Sunday, April 17, 2005

No Spin Zone

uw20

Via Rob MacDougall, we learn about the misfortunes of the UConn College Republicans, who invited Jim Hellwig — wrestling's erstwhile "Ultimate Warrior" — to speak in Storrs on April 5. Much to the surprise(?) of the assembled Republicans, Hellwig departed from his carefully-prepared, philosophical disquisition on the contours of liberty and wandered off into a homophobic and racist soliloquy. The Harford Advocate, describing a videotape of the performance, observed that
the first 44 minutes of Warrior's presentation were uneventful. He talked of rights and responsibilities, and his definition of conservatism: "preserving traditions that have worked throughout time, beginning with the simple idea that people need to think and provide for themselves."

Yes, things were fairly calm until Warrior described how liberal thinking has created an "abyss of moral relativity where everything is as legitimate as everything else.

"The broadest and most despicable illustration of this most destructive consequence of moral relativity," Warrior said, "is that barbarism, today, is as legitimate as civilization."

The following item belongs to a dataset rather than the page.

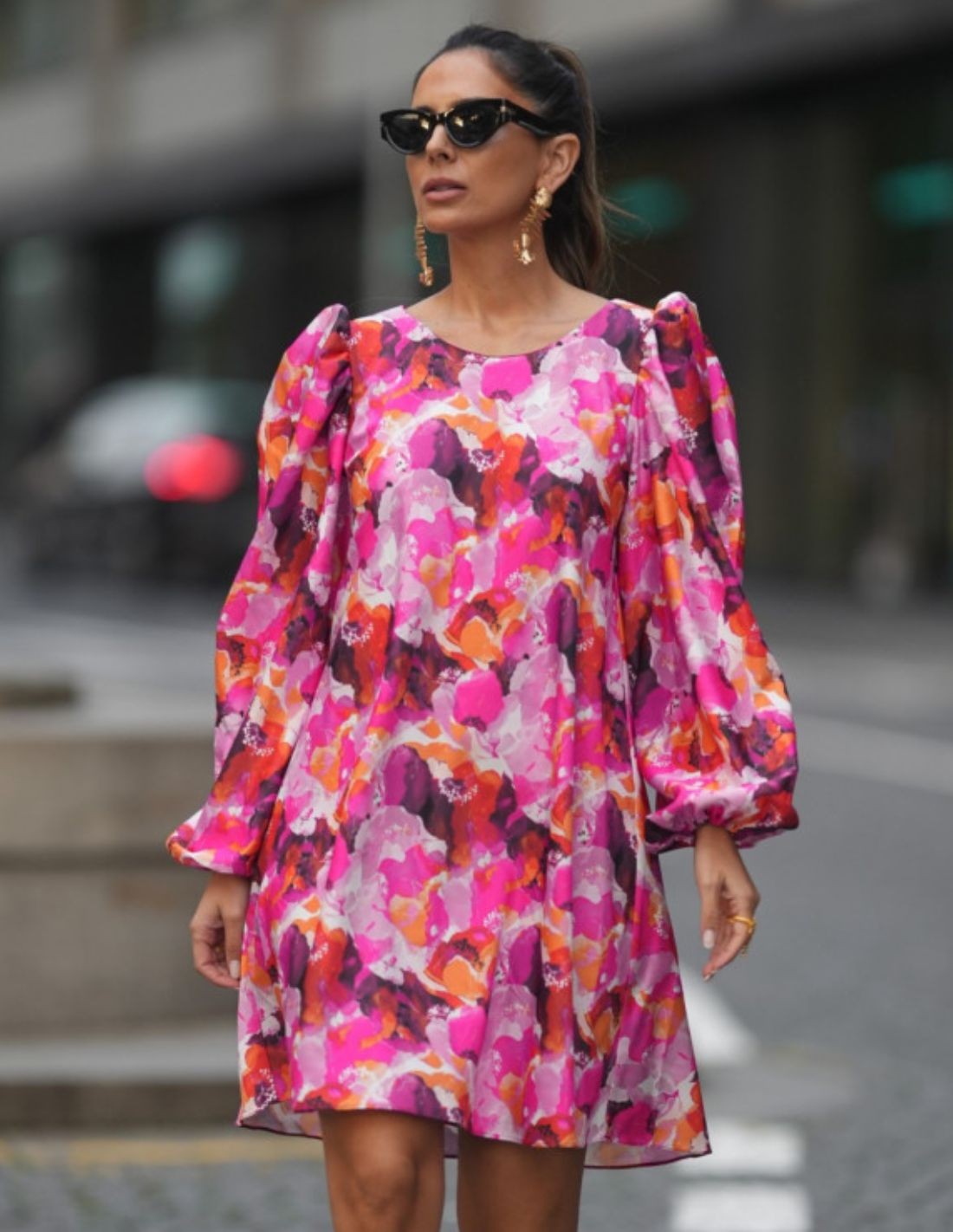 Whether for an event or for everyday wear, this short printed dress is ideal for spring or summer. A short dress with floral print fabric, long sleeves, round neckline, closed behind the neck. Fully lined, ideal for special occasions.

Warrior [went] on to provide specific examples that...illustrate[d] his point. He lament[ed] that that "the bum is as legitimate as the businessman ... , that queers are as legitimate as heterosexuals..., that Kwanzaa is just as legitimate as Santa Claus and Christmas."
Things only slid downhill after that. After explaining to the audience that "queering doesn't make the world work," Hellwig (who has apparently changed his name legally to "Warrior") continued to berate several members of the audience who questioned his supple views on life and politics. Although it seemed that the event might turn into a chair-throwing, turnbuckle-smashing, pile-driving catastrophe, police did not have to follow through on their threats to shut everything down early. To make a much longer story short, the College Republicans apologized, Warrior issued a press release ridiculing their cowardice, and in a completely unrelated story, two entomologists named three new species of slime mold after George W. Bush, Dick Cheney, and Donald Rumsfeld.

As for the Warrior, though, we really should expect nothing less from a man who greeted his fans on October 13 with the following message:
Hello warriors. The 13th of October, 13 is my favorite number (not an unfavorable one as many hold) -- who can tell me why? Happy Columbus Day. This White European DID not savage the Indian Savages as revisionist history books tell. Power to Christopher Columbus and his courageous journey.
Then again, what can you expect from a conservative political mood that froths madly about "activist judges" and declares holy war on Democrats who use the filibuster to block Bush's lunatic federal court appointees? Although the UConn College Republicans apologized for the event and pledged to continue "righting this wrong," their efforts to marginalize the Warrior may seem a little over-anxious given some of the events of the past few weeks.

Quick quiz for you. See if you can guess which of the following are lines from the Warrior and which are from elected Republican officials or their staff members:

(1) "I'm a radical! I'm a real extremist. I don't want to impeach judges. I want to impale them!"
(2) "We will look at an arrogant, out of control, unaccountable judiciary that thumbed their nose at the Congress and president when given jurisdiction to hear this case anew and look at all the facts ... The time will come for the men responsible for this to answer for their behavior, but not today."
(3) "I don't know if there is a cause-and-effect connection, but we have seen some recent episodes of courthouse violence in this country. . . . And I wonder whether there may be some connection between the perception in some quarters, on some occasions, where judges are making political decisions yet are unaccountable to the public, that it builds up and builds up and builds up to the point where some people engage in, engage in violence."
(4) "Cause you see, the way the rules are now -- built on the basis that there is a right and a wrong, that there is a true and a false and that there is a good and an evil, that there is civil and uncivil, that there is decent and indecent, that there is reverent and irreverent and all the other alternatives on and on -- society is absent TOTAL anarchy. But if thinking, correct conclusions, and positive outcomes are not part of the equation anymore, at all, those getting away with ignorance and all the other feel-good-isms, today, will not even have a voice, except a quivering one, when all hell breaks loose."